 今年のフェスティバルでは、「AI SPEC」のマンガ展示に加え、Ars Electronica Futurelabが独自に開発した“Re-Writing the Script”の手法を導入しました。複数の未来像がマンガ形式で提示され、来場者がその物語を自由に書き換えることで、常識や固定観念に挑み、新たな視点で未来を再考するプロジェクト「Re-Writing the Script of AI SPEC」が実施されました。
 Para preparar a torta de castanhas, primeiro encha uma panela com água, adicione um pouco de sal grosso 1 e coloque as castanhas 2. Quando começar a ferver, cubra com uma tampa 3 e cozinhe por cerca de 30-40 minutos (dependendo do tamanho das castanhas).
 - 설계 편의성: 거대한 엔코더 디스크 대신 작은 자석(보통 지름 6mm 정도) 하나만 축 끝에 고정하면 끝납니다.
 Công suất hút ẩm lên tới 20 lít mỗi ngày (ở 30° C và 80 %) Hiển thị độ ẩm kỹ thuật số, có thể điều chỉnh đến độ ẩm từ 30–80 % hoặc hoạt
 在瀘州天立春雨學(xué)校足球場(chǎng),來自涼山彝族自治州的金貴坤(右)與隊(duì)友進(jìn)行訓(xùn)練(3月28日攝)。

****************************************

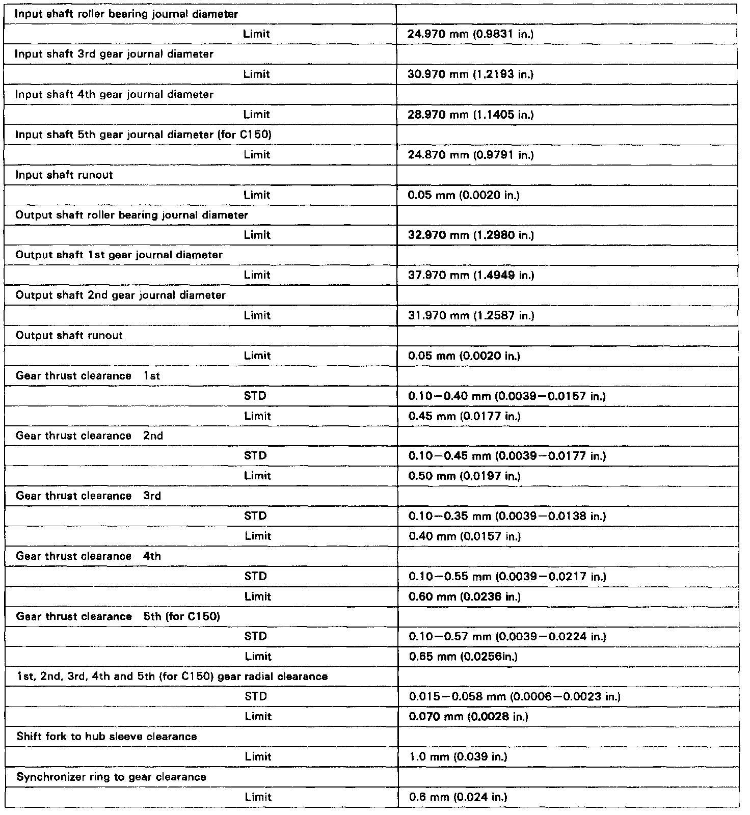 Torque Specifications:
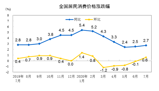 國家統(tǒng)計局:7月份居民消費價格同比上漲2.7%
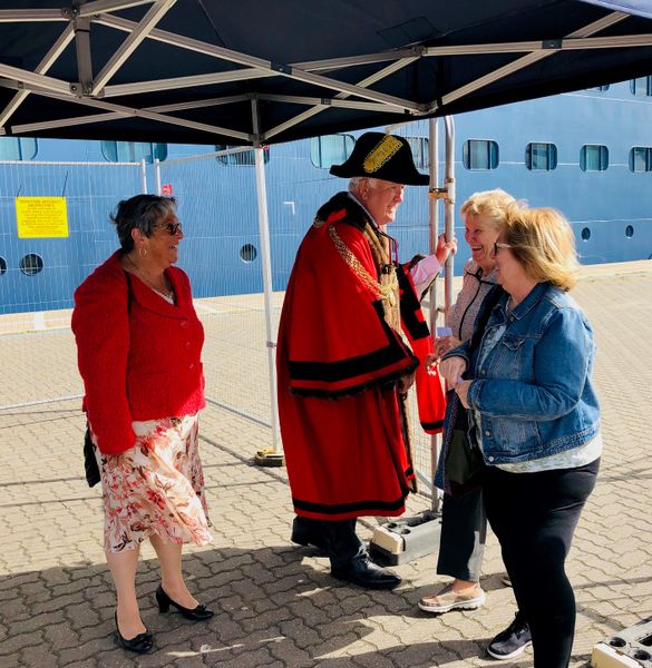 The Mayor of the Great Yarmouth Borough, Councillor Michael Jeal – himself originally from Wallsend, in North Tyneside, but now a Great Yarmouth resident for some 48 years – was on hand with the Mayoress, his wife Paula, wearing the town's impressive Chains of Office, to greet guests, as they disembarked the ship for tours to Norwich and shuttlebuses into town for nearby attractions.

****************************************

Exercise instructions ▸ Using the entries above, give again exactly the lines from the line holding "今年のフェスティバルでは、「AI SPEC」のマンガ展示に加え、Ars Electronica" through the line holding "在瀘州天立春雨學(xué)校". Include both end lines and nothing else.

Answer space ▸
 今年のフェスティバルでは、「AI SPEC」のマンガ展示に加え、Ars Electronica Futurelabが独自に開発した“Re-Writing the Script”の手法を導入しました。複数の未来像がマンガ形式で提示され、来場者がその物語を自由に書き換えることで、常識や固定観念に挑み、新たな視点で未来を再考するプロジェクト「Re-Writing the Script of AI SPEC」が実施されました。
 Para preparar a torta de castanhas, primeiro encha uma panela com água, adicione um pouco de sal grosso 1 e coloque as castanhas 2. Quando começar a ferver, cubra com uma tampa 3 e cozinhe por cerca de 30-40 minutos (dependendo do tamanho das castanhas).
 - 설계 편의성: 거대한 엔코더 디스크 대신 작은 자석(보통 지름 6mm 정도) 하나만 축 끝에 고정하면 끝납니다.
 Công suất hút ẩm lên tới 20 lít mỗi ngày (ở 30° C và 80 %) Hiển thị độ ẩm kỹ thuật số, có thể điều chỉnh đến độ ẩm từ 30–80 % hoặc hoạt
 在瀘州天立春雨學(xué)校足球場(chǎng),來自涼山彝族自治州的金貴坤(右)與隊(duì)友進(jìn)行訓(xùn)練(3月28日攝)。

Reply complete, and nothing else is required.